The input file ``tagging.yaml``:

.. literalinclude:: ../examples/tagging/tagging.yaml
   :language: yaml

The ``tag`` attribute and the ``check_tags`` tag allow you to define more complex boolean expressions.
For example:

* ``!`` can be used for negation (``!deu`` stands for ``not deu``)

* ``+`` can be used as an AND operator to combine tag values (e.g. XML: ``tag="!deu+eng"``; YAML: ``tag: "!deu+eng"``).

* ``|`` can be used as an OR operator to combine tag values. (e.g. ``tag1 | tag2`` means that one of the two (or both) tags must be set.)

* ``^`` can be used as am XOR operator to combine tag values. (e.g. ``tag1 ^ tag2`` means that one of the two tags must be set, but not both.)

* Parentheses are also allowed

The ``tag`` attribute can be used within any ``<element>`` within the input file (except the ``<jube>``).
If several different ``tag`` attribute values are used in a script, they can be specified as a list separated by spaces from the command line.

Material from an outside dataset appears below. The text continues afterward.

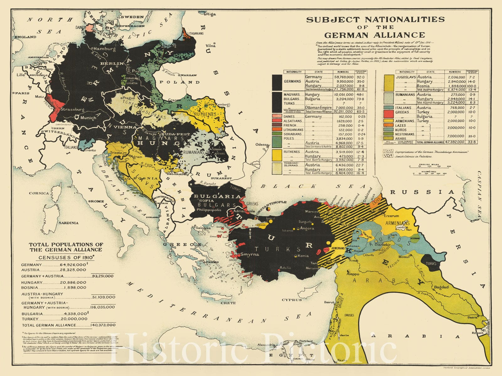 • .Historic Map : Subject Nationalities of the German Alliance, 1916, Vintage Wall Art

To keep track of all tags, a description for each tag can be defined within the ``<tags>``, where ``<check_tags>`` is also defined, using
``<tag name="...">Description</tag>``. To force a description of all possible tags, the ``forced`` attribute can be set to true,
so that an error is thrown if a tag is not documented.

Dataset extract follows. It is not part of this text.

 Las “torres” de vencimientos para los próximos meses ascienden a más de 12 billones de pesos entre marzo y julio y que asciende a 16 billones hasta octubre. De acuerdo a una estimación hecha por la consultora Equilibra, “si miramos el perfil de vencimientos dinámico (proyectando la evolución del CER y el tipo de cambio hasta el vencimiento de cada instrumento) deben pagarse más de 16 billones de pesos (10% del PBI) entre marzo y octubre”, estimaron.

All ``<elements>`` which contain a special ``tag="..."`` attribute will be hidden if the value of the tag evaluates to ``false``.
This means that JUBE will ignore the elements with these tags in its internal processing.
Caution: This can lead to erroneous execution if you forget to set the necessary tags for execution, as JUBE will ignore e.g. a ``<parameter>`` provided with the corresponding ``tag`` attribute that evaluates to false.

Careful: This can lead to erroneous execution if you forget to set the necessary tags for execution, as JUBE will no longer consider e.g. parameters provided with the corresponding ``tag`` attribute.

To ensure that the user of the script specifies the necessary tag values that the script needs for successful execution, the ``check_tag`` element (added with JUBE version 2.6.0) can be used.
It allows you to define tag values that must be specified when the script is called in order for it to run successfully.
If none of the required ``tag`` combinations defined by ``check_tag`` are set by the user, an error message is displayed and the run is aborted.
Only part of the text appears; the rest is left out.